UPDATE: The Biden administration has announced that the implementation of this rule will be delayed by 60 days to provide for further review. Originally scheduled to go into effect on March 1, 2021, the rule now has an effective date of April 30, 2021. We will continue to update this page with any further actions the administration takes with respect to this rule.
On December 22, 2020, the U.S. Department of Labor (DOL) issued a final rule revising certain regulations under the Fair Labor Standards Act (FLSA) related to tipped employees. However, because of the timing of the new rule, it is unclear whether it will survive when President-Elect Biden takes office next month.
Under the DOL’s existing regulations, an employer may take a “tip credit” against the employer’s federal minimum wage obligations for tips received by its tipped employees. It also may institute a mandatory “tip pool” in which tips are shared among workers who “customarily and regularly receive tips” while still availing itself of a tip credit for workers in the tip pool. The DOL’s new rule leaves this framework in place, but makes three changes to the regulations pertaining to tip credits and tip pools. First, an employer may now institute a mandatory “nontraditional” tip pool that includes employees who do not customarily and regularly receive tips, such as cooks and dishwashers, so long as the employer does not take a tip credit against the wages of the employees in that tip pool. In other words, employees in such a tip pool will need to be paid at least the federal minimum wage, without factoring any tips.
Second, an employer may apply the tip credit to time that a tipped employee spends performing non-tipped duties related to his or her tipped duties, so long as the non-tipped duties are performed contemporaneously with, or “for a reasonable time immediately before or after,” the tipped duties. This is consistent with guidance issued by the DOL in late 2018 and represents a change from previous guidance under which tip credits could not be claimed if employees spend more than 20% of their time on non-tipped duties. The rule does not define “for a reasonable time,” but rather suggests that the focus will be on “whether an employee is functionally engaged in one occupation or two.”

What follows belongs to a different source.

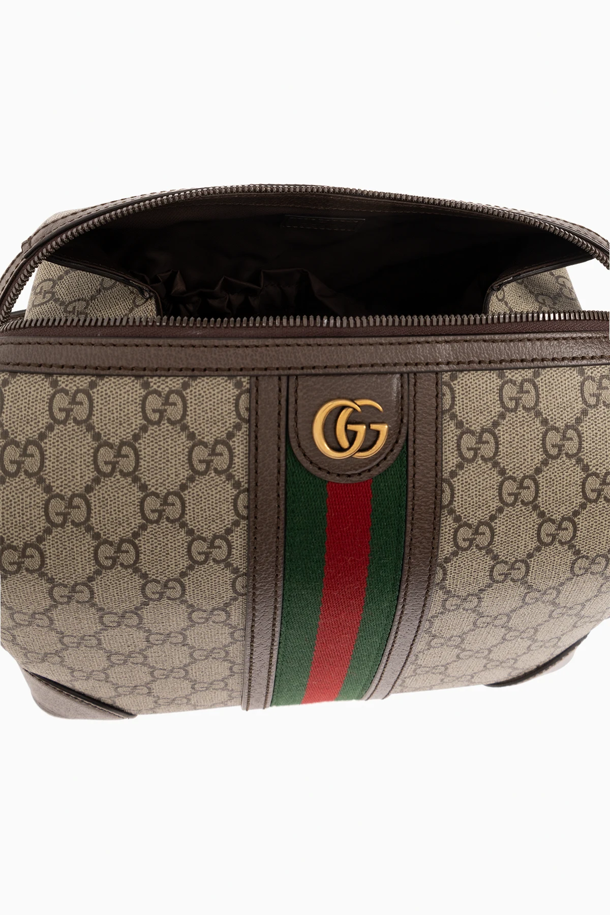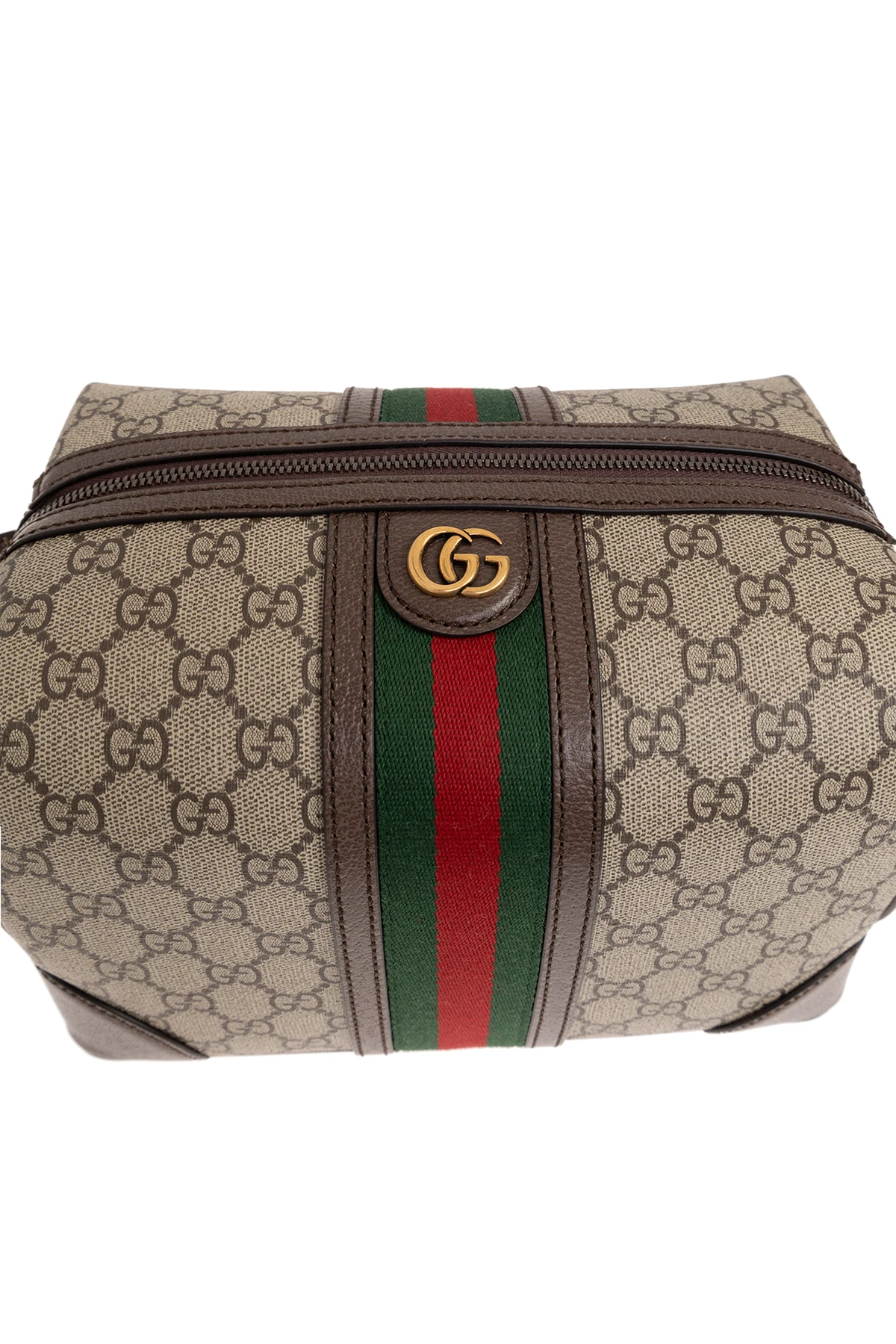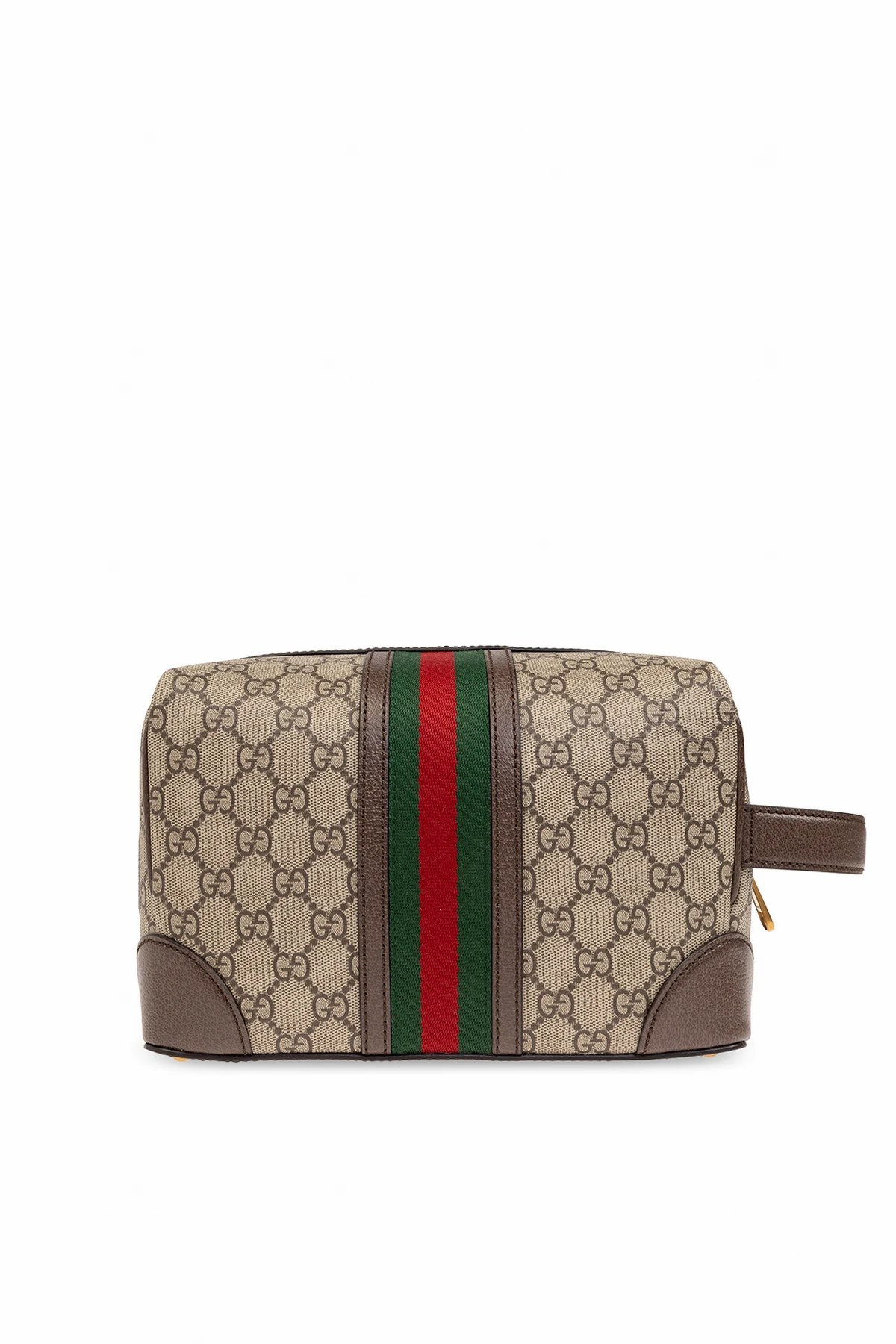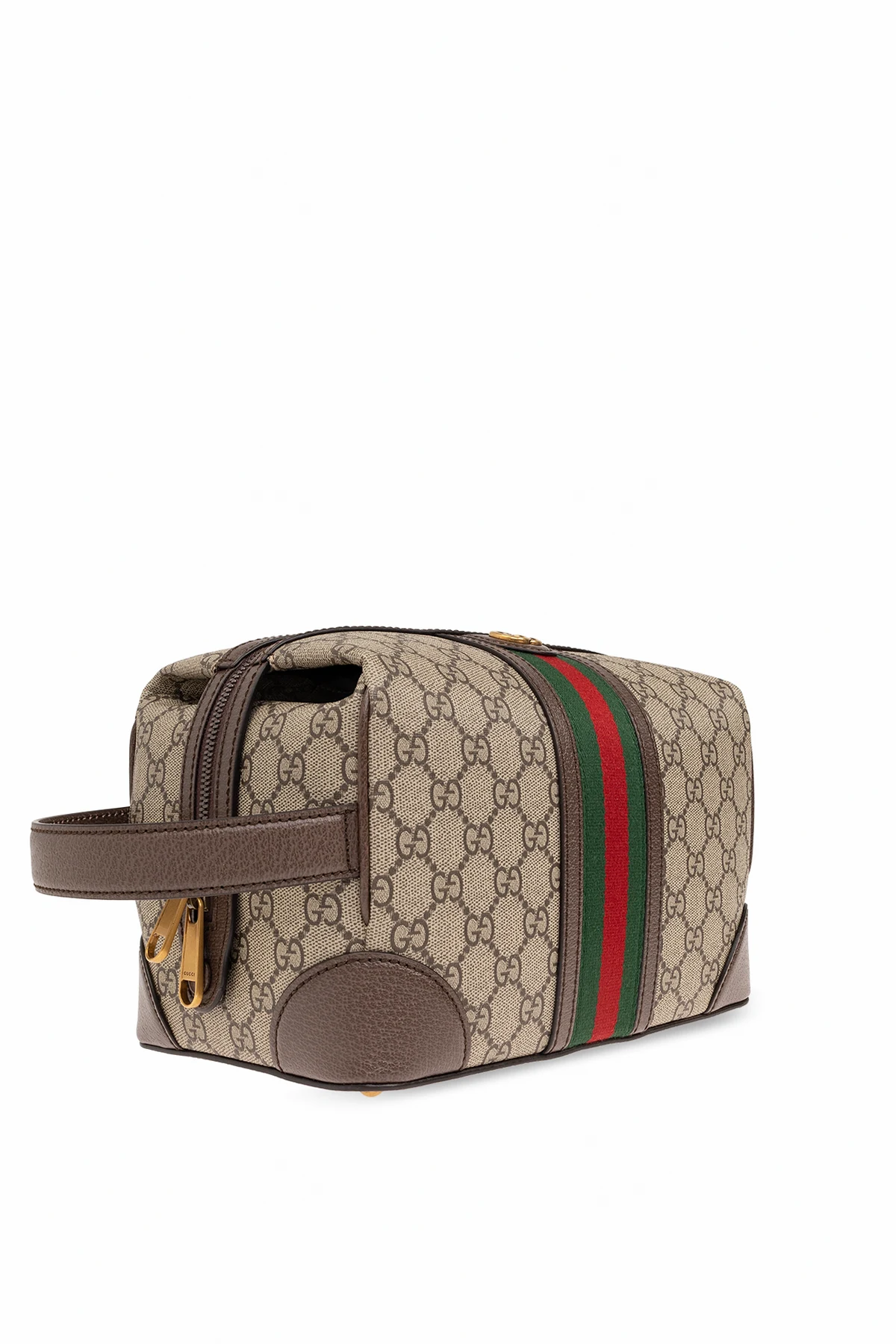Beżowo-brązowa kosmetyczka Gucci. Wykonana z płótna ‘GG Supreme’ i wykończona skórą cielęcą. Zamykana na dwubiegunowy zamek i zatrzaski. Ozdobiona pasem z motywem ‘Web’ w kolorze zielono-czerwono-zielonym i metalową aplikacją w kształcie logo ‘Double G’. Z boku uchwyt. Wewnątrz komora z czterema wsuwanymi kieszeniami. Metalowe wykończenie w kolorze postarzanego złota.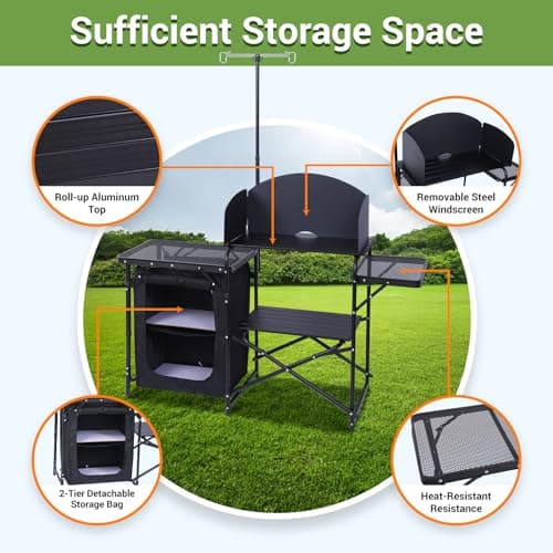 VEVOR Camping Kitchen Table, Outdoor Camp Cooking Table, Aluminum Portable Cook Station with 3 Storage Cupboard, Carrying Bag, Detachable Windscreen, Quick Set-up for BBQ Party Picnic RV Travel, Black

Third, the final rule implements statutory language passed by Congress in 2018 that prohibits employers, including managers and supervisors, from keeping any portion of tips earned by tipped employees, whether or not the employer takes a tip credit. This does not, however, prohibit managers or supervisors from earning tips themselves, and nor does it prevent employers from deducting the actual costs of credit card processing charges from employee tips.
The final rule will be implemented within 60 days of publication in the Federal Register. However, because the Trump administration did not implement the rule earlier, the Biden administration may be able to stop it before it even takes effect as the rule is generally opposed by Democratic lawmakers and organized labor. Moreover, employers should also be aware that state law, such as the Massachusetts Tip Act, may provide for stricter restrictions on tip credits and tip pooling. Accordingly, employees with tipped employees should consult with their employment counsel before implementing any changes to their tip credit and tip pooling practices.